Actually Bakker's style of dominance through internal dialog makes it easier to adapt than Martin's, you can retain more of Bakker's spoken dialog without having to go through the epic battles of condensing tons of ridiculously juicy wordplay that Martin excels at. You then articulate backstory through whatever creative way you can come up with (sexposition would be appropriate in this verse).

You definitely would not take a Malick route.  Nor would you want to go the didactic manner of people speaking their thoughts, or a David Lynch/Dune esque 'interior dialog'.  Rather, you rely on your actors to get across as much as they can, and you give them an assist with half a line or half a scene that straddles the line between implicitly and explicitly saying something.  Audiences are quite good at following interpersonal dynamics, so scenes where characters are talking around something can be done quite adeptly--while completely supporting an internal dialog--given an adept utitlization of the basic dialect of television storytelling (meaning, anyone can cut a scene with a few meaningful looks involved).

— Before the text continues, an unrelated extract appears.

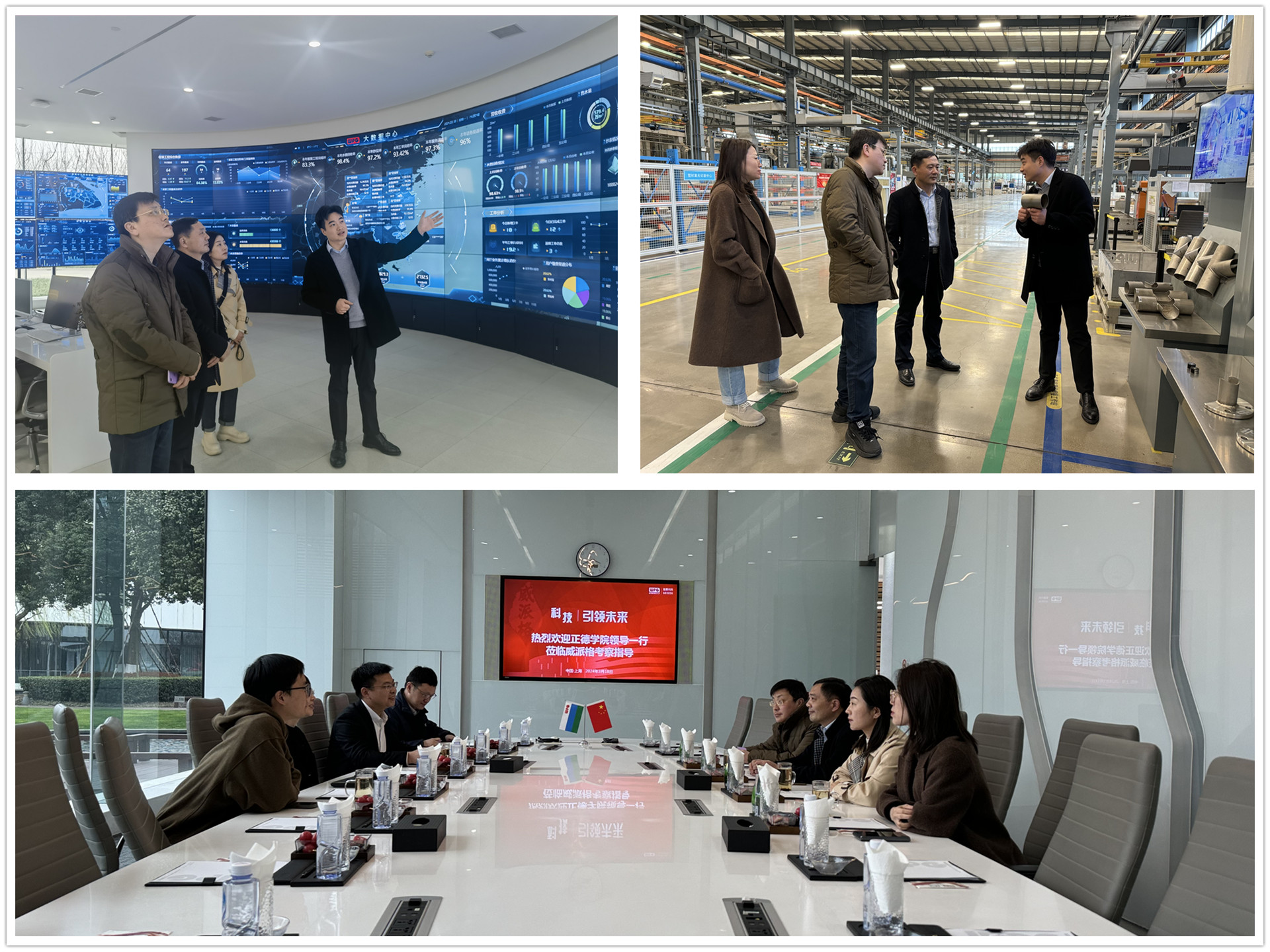 下午,江爱华一行走访了威派格,公司CTO研究院院长薛浩、软件交付部总监戴万强等陪同参观了智慧水务展厅和智慧工厂。在座谈会上,双方回顾了2023年6月薛浩、曾秋菊到访正德学院之后的智慧水务的产业发展和职业教育的发展变革,双方就人才培养、特色课程开设、学生实习就业等问题达成了多项合作意向。

And it helps that Kellhus, the person with the most meaningful inner dialogue because he's visually a cypher to the audience or is being directed and written to seduce the audience as well, has everything about him established through scenes with Leweth and Cnaiur where an otherwise inner dialogue can be relatively seamlessly brought to the fore.  Since the other characters all deliberately wear their hearts on their sleeves, their inner dialogue will be written on their faces, and in the edit.  A meaningful look of jealousy from Akka when Kellhus laughs at something Esme says will say as much in 50 frames as Bakker says in 5 paragraphs of Akka's internal self-recriminations.

***
The real challenge is not in the internal monologue, the real challenge is plot, story and character disparation.  The story is constructed in a manner that is extremely challenging for a television season.  Looking at the story as a whole, you have two season ending events, Umiaki and Shimeh.  You can't write a season of television that begins with a bunch of unrelated characters heading towards each other, and then ends when the characters run into each other in the last episode and have a pow-wow with the emperor.  Oh my, that is dramatic!

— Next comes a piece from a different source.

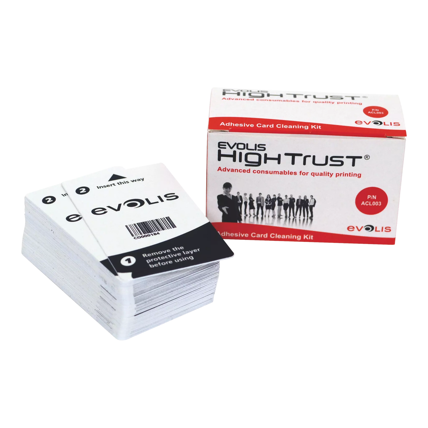 The Evolis ACL003 Adhesive Cleaning Cards are an essential tool for maintaining the longevity and picture quality of Evolis brand ID Card Printers. Included in this pack are fifty adhesive cleaning cards. To use the adhesive cards, double click the power button and insert the card with the sticky side up into the card feeder. This process will last twenty seconds and remove all dust and debris from the internal components. It is recommended that users clean the printer every time the ribbon is replaced or 1000 cards are printed. The warranty is voided if the printer is not properly cleaned each time 1200 cards have been printed.

The advantage, the brilliance, Game of Thrones has is that every main character of the first season is pretty much in one place for the first episode, and then a gradual dispersal pattern spreads from there as the sub-plots and characters fan out in all directions.  The one exception is Dany, so you really only have two things for the audience to remember in the first episode. 

A first episode of Prince of Nothing is a fucking plotting disaster.  You start with a two-four scene prologue with the founding of the Dunyain then flashforward 2000 years.  Okay, well make it a pre-credits scene and you can probably excuse it.  Kellhus wandering the wilderness is a montage sequence probably not longer than 45 seconds, ending with him collapsing in the snow.  Then you’re halfway across the world to Carythusal, and you’re wasting time establishing a location that will never be relevant to a single character in the rest of the entire run of the series.  That’s expensive and absurd. You're also wasting time establishing Akka as a spy when he is never really a spy in any sense of the word (at least not in a way that would work on TV) at any point or any time in the entire run of the series after this point.  Then you’re off to Momemn, to establish the emperor in a scene that establishes Conphas on the field preparing for the battle against the Scylvendie.  We move across the battle lines to Cnaiur and establish him and that there is a power struggle for the leadership of the horde is going on.  Then we move back to Kellhus and Leweth before zipping back to Achamian, probably now in Atyersus, so we’re brutally wasting time establishing him in a second location that will only be relevant one other time in the entire series.  Since every character (other than Kellhus) has been mentioning that a new Shriah has been elected we move to another new location, Sumna, where Esmenet is established, hearing about the new Shriah from one of her clients.  We switch back to a battle scene where Conphas outlines why the Scylvendie will fall to him (because they do the same thing) which segues to a scene of Cnaiur not being chosen (because he says they should not do the same thing) which segues to Kellhus telling Leweth that men always do the same thing, then the Sranc attack, Leweth exeunts, and Kellhus faces down Mekeritrig before fleeing, roll credits, end episode one.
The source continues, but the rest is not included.